* Data to use:
>>>

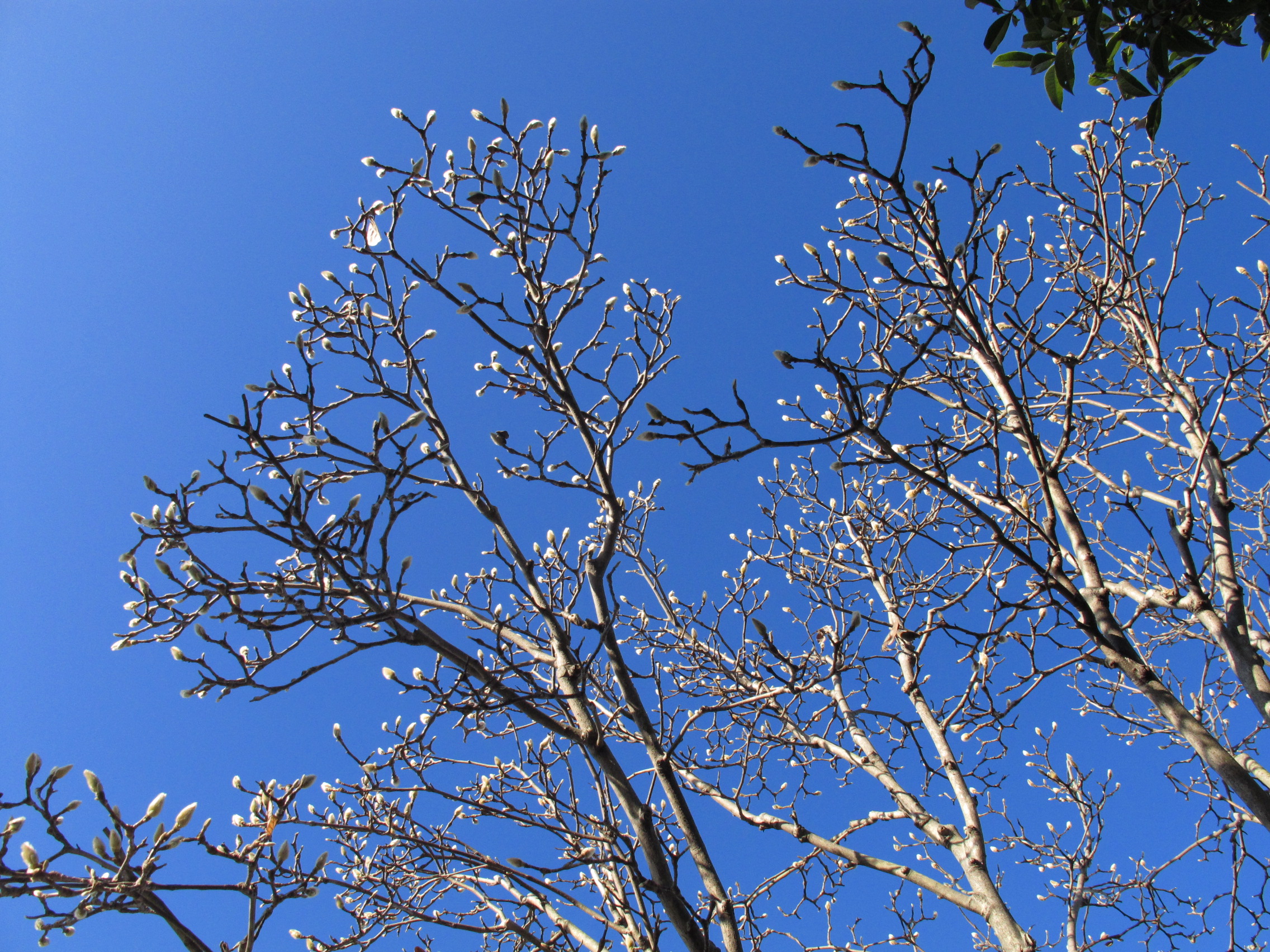 澄み切った空、寒風の中でに耐えるハクモクレン。
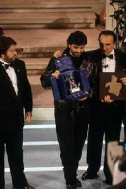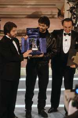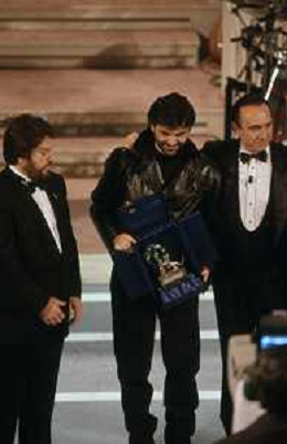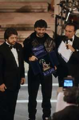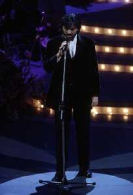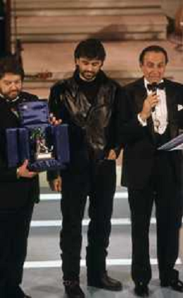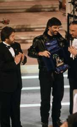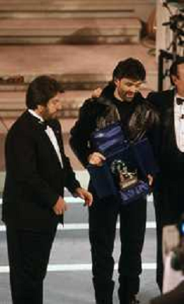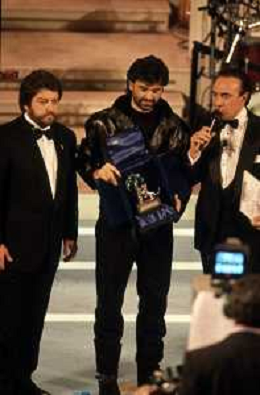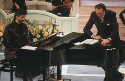 DIAP-RETROSPETTIVA ANDREA BOCELLI CANTANTE NELLA FOTO ANDREA BOCELLI AL FESTIVAL DI SANREMO GIOVANI NELL'ANNO 1994 CON PIPPO BAUDO AG ALDO LIVERANI SAS
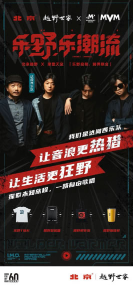 继中国潮流音乐台柱摩登天空与中国越野车第一品牌北京越野“官宣”组成“乐野联盟”后,联手推出的T恤、水杯、旅行箱等潮品尖货种草无数,旗下海龟先生、达达乐队、达闻 西乐队等人气先锋亦纷纷助阵,可谓是精彩不断。
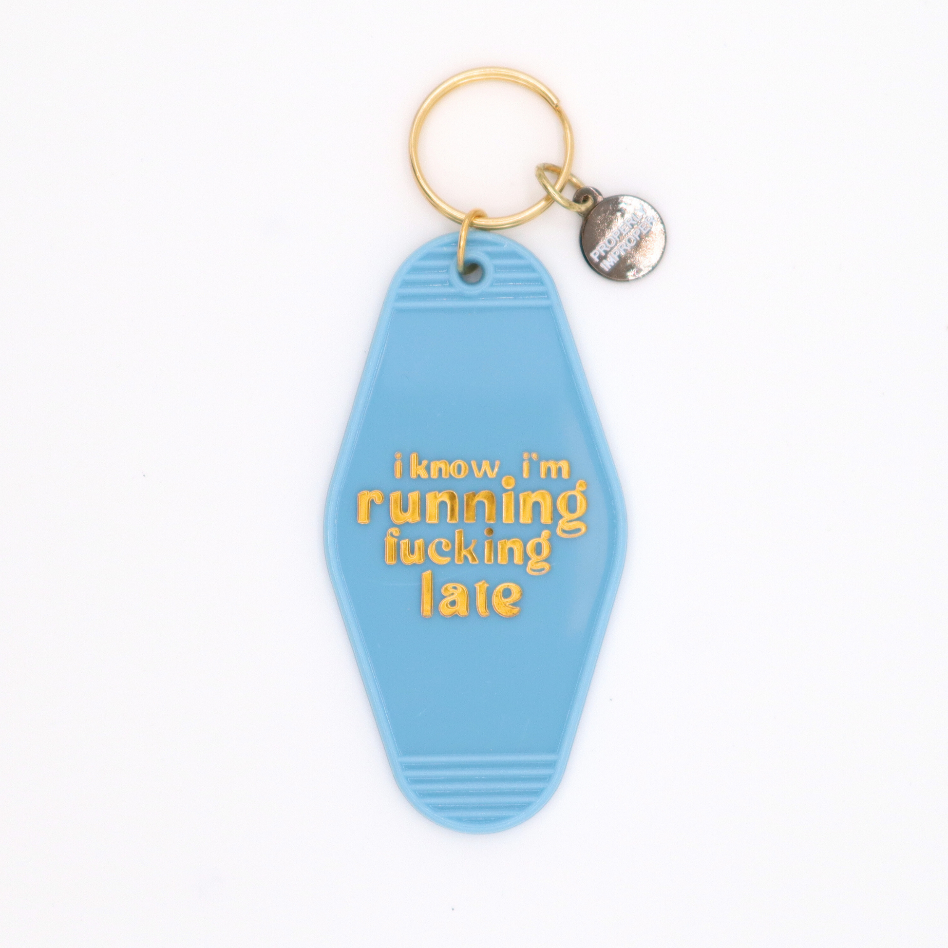 I Know I'm Running Fucking Late - Hot Stamped Motel Keychain
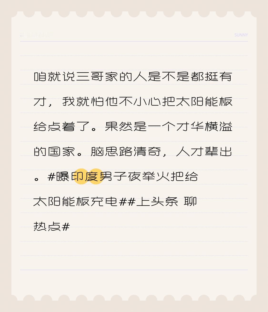 咱就说三哥家的人是不是都挺有才,我就怕他不小心把太阳能板给点着了,这是不是就是传说中的热能转化为太阳能?这初中物理学的不错啊。果然是一个才华横溢的国家。脑思路清奇,人才辈出。
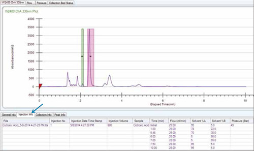 由于大體積的強溶劑進(jìn)樣會使制備級色譜圖失真,因此需要利用旋轉(zhuǎn)蒸發(fā)儀將粗提取物中的甲醇蒸干,使粗提取物成為膠狀。將殘余物溶于14 mL 95:5的水/乙腈溶液中。利用ChromScope軟件中集成的Prep Calculator(制備計算器)工具,將流速與進(jìn)樣體積從分析柱幾何放大至制備柱,所得制備級色譜圖如圖2所示。實驗所用梯度方法將與色譜圖一同顯示,位于進(jìn)樣信息選項卡中。此外,用戶還可以查看餾分收集信息,無需再搜索試管收集體積(圖3)。
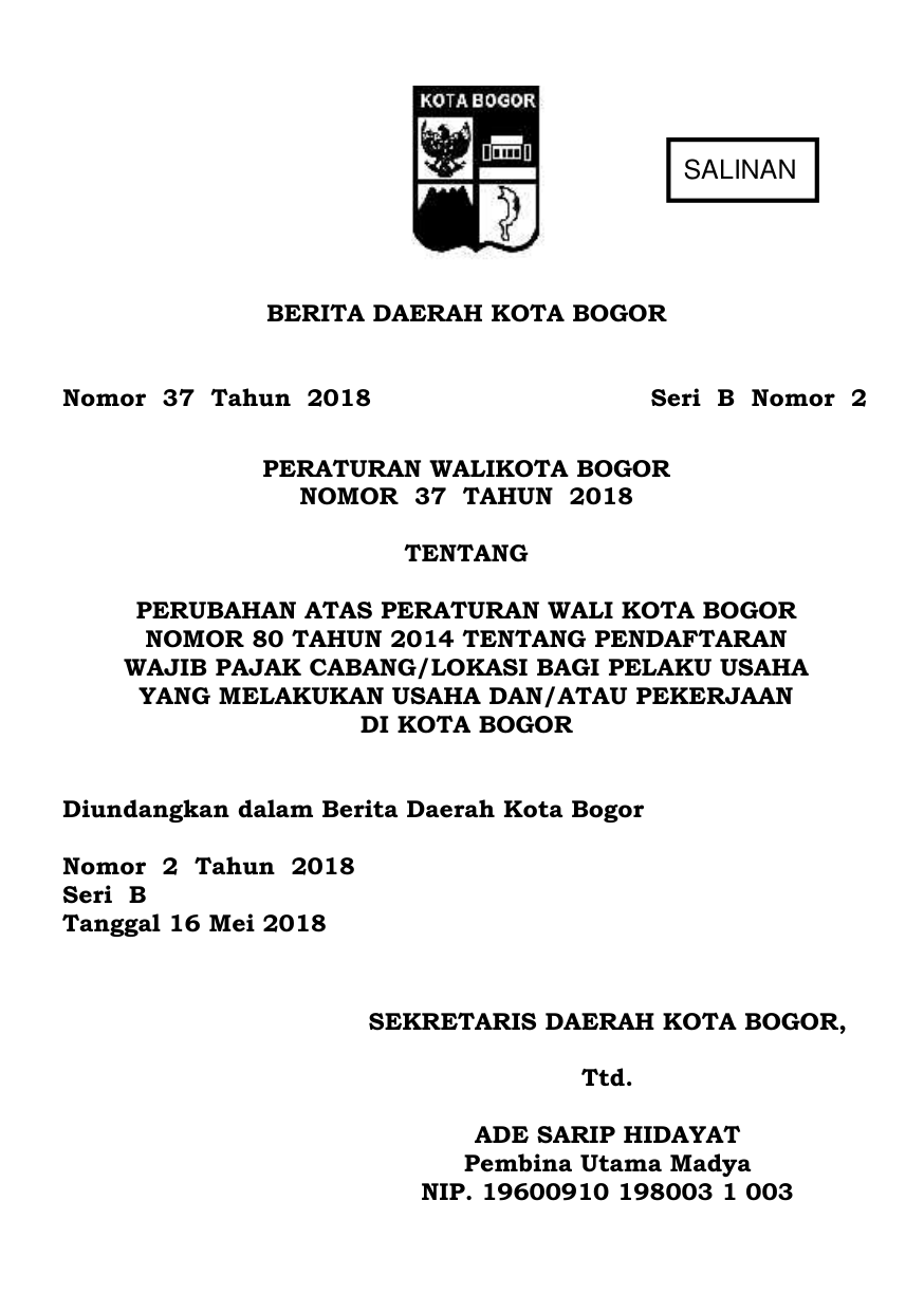 PERDA Nomor 37 Tahun 2018 | Peraturan Daerah Nomor 37 Tahun 2018 tentang PERUBAHAN ATAS PERATURAN WALI KOTA BOGOR NOMOR 80 TAHUN 2014 TENTANG PENDAFTARAN WAJIB PAJAK CABANG/LOKASI BAGI PELAKU USAHA YANG MELAKUKAN USAHA DAN/ATAU PEKERJAAN DI KOTA BOGOR
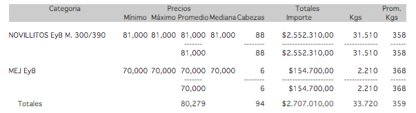 PRECIOS DEFINITIVOS POR CATEGORIA PARA EL JUEVES 31/10/2019
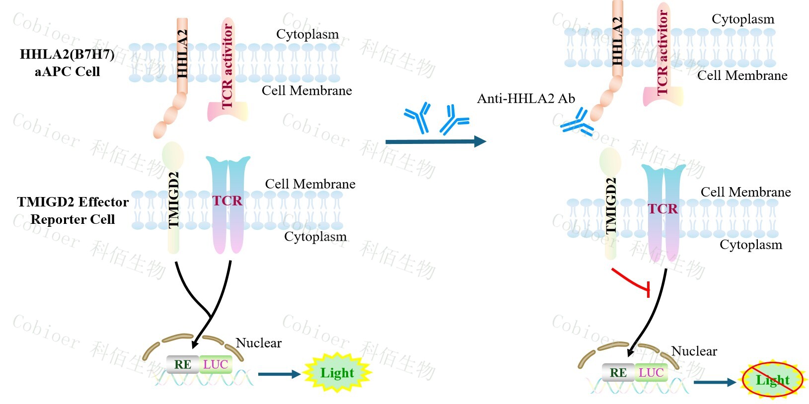 TMIGD2 Effector Reporter Cell 報(bào)告基因藥靶模型很好的模擬了體內(nèi) TMIGD2 的信號(hào)轉(zhuǎn) 導(dǎo)過(guò)程,原理見下圖所示。![]() Figure 1. TMIGD2 Effector Reporter Cell 模型原理圖 |

<<<

* Task to complete: From the line that holds "咱就说三哥家的人是不是都挺有" to the last line of the data, return those lines exactly and nothing else; both ends count, and pictures stay out.

* Result:
 咱就说三哥家的人是不是都挺有才,我就怕他不小心把太阳能板给点着了,这是不是就是传说中的热能转化为太阳能?这初中物理学的不错啊。果然是一个才华横溢的国家。脑思路清奇,人才辈出。
 由于大體積的強溶劑進(jìn)樣會使制備級色譜圖失真,因此需要利用旋轉(zhuǎn)蒸發(fā)儀將粗提取物中的甲醇蒸干,使粗提取物成為膠狀。將殘余物溶于14 mL 95:5的水/乙腈溶液中。利用ChromScope軟件中集成的Prep Calculator(制備計算器)工具,將流速與進(jìn)樣體積從分析柱幾何放大至制備柱,所得制備級色譜圖如圖2所示。實驗所用梯度方法將與色譜圖一同顯示,位于進(jìn)樣信息選項卡中。此外,用戶還可以查看餾分收集信息,無需再搜索試管收集體積(圖3)。
 PERDA Nomor 37 Tahun 2018 | Peraturan Daerah Nomor 37 Tahun 2018 tentang PERUBAHAN ATAS PERATURAN WALI KOTA BOGOR NOMOR 80 TAHUN 2014 TENTANG PENDAFTARAN WAJIB PAJAK CABANG/LOKASI BAGI PELAKU USAHA YANG MELAKUKAN USAHA DAN/ATAU PEKERJAAN DI KOTA BOGOR
 PRECIOS DEFINITIVOS POR CATEGORIA PARA EL JUEVES 31/10/2019
 TMIGD2 Effector Reporter Cell 報(bào)告基因藥靶模型很好的模擬了體內(nèi) TMIGD2 的信號(hào)轉(zhuǎn) 導(dǎo)過(guò)程,原理見下圖所示。![]() Figure 1. TMIGD2 Effector Reporter Cell 模型原理圖 |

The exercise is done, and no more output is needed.